Reference: https://en.wikipedia.org/wiki/Unicode_character_property
Also from the call, note that
- regular expression character class is different from Unicode character class, so implementation in regex should notice the differences
- each major JDK version is tied to a specific Unicode version (Java 11-Unicode 10, Java 17-Unicode 13, Java 21-Unicode 15), and as there are new characters being added to new versions of Unicode (and they are assigned to character classes) it means that it is possible that the same regex may match one string on one JVM version but does not match it on another JVM version
Specifically for Java, the Unicode Support section of the java.util.regex.Pattern JavaDoc is very handy in finding out how to match Unicode input text.

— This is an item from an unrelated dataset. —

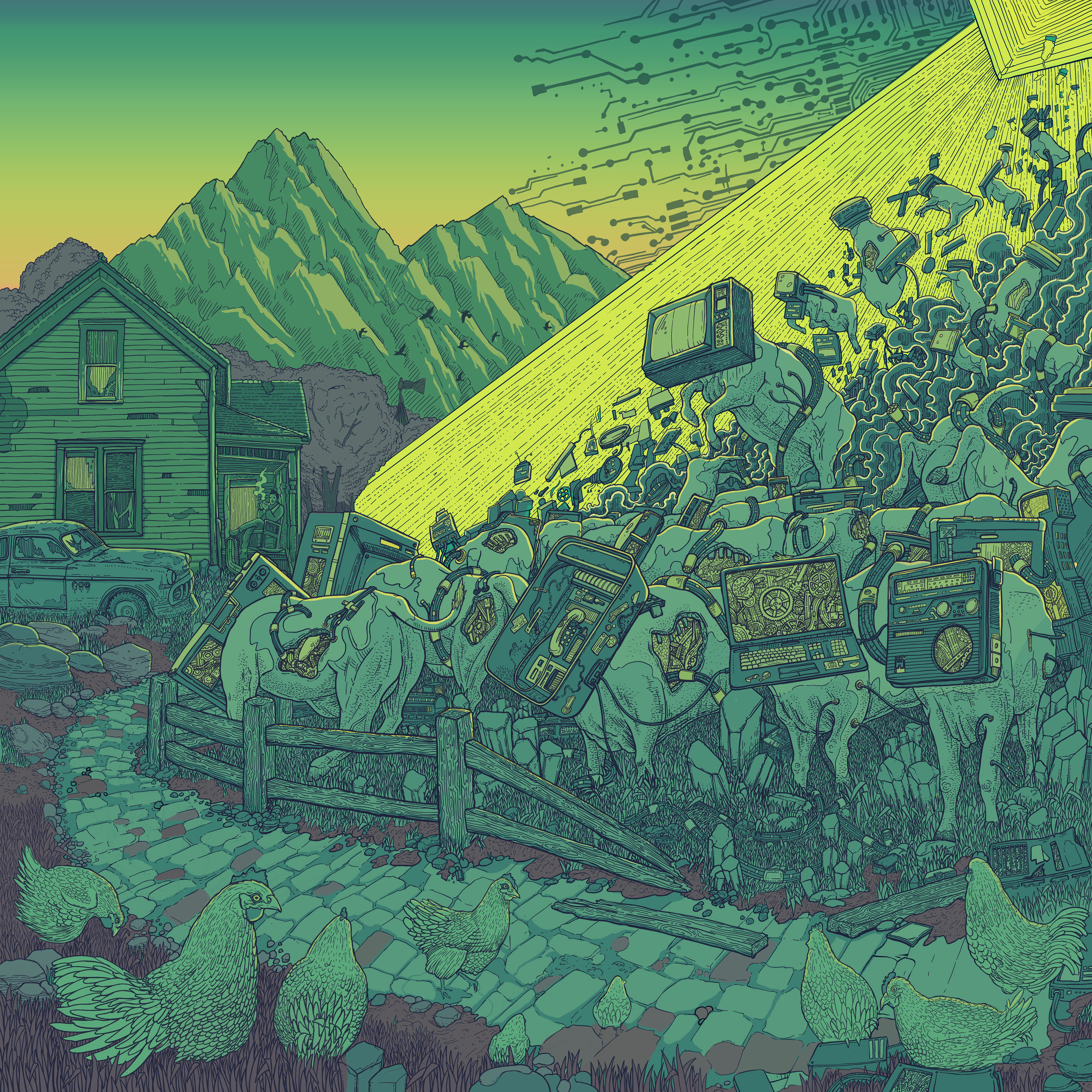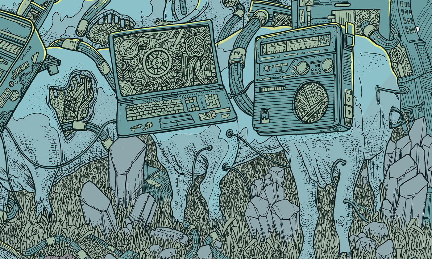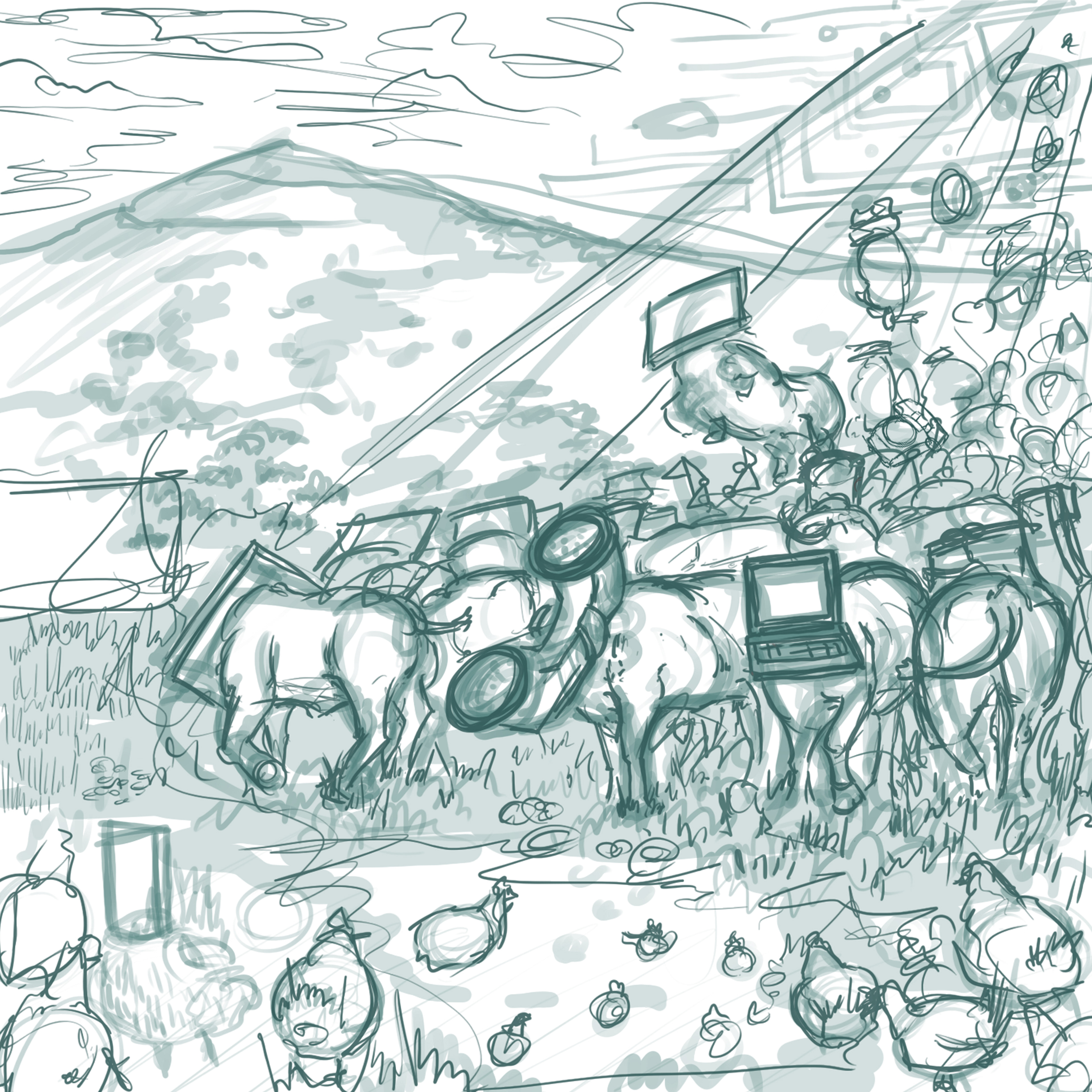 Here's the illustration for New Jersey math / jazz group The Planet You. Their core concept for the group is about the rapid evolution of technology and society's role within it. You can see some of my thought process in the sketches below sorting out this concept.

In my experience, enabling "Unicode mode" (the (?U) inline flag or UNICODE_CHARACTER_CLASS programmatic flag), then using POSIX character classes can cause confusion. For example, these two regexes give different results for the input text "+":
[\p{Punct}]
(?U:[\p{Punct}])
(the first regex matches, the second one doesn't, because the character + is not considered punctuation in Unicode - instead it's categorised as a math symbol)
For that reason I tend to leave Unicode mode disabled, and instead build composite character classes using the explicit Unicode category support in the JVM's regex engine:
[\p{Punct}\p{IsPunctuation}] # This matches both ASCII punctuation (which includes "+") and Unicode punctuation (which does not include "+", but does include many other characters that are not ASCII punctuation)
Regardless of which method is chosen, for comprehensibility I'd encourage regex-heavy code like Spdx-Java-Library to pick one method (either Unicode character classes enabled, or not), then use it consistently everywhere. In my experience mixing and matching whether Unicode support is enabled or not is basically guaranteed to result in difficult-to-find bugs, since it changes the semantics of regexes in non-obvious ways.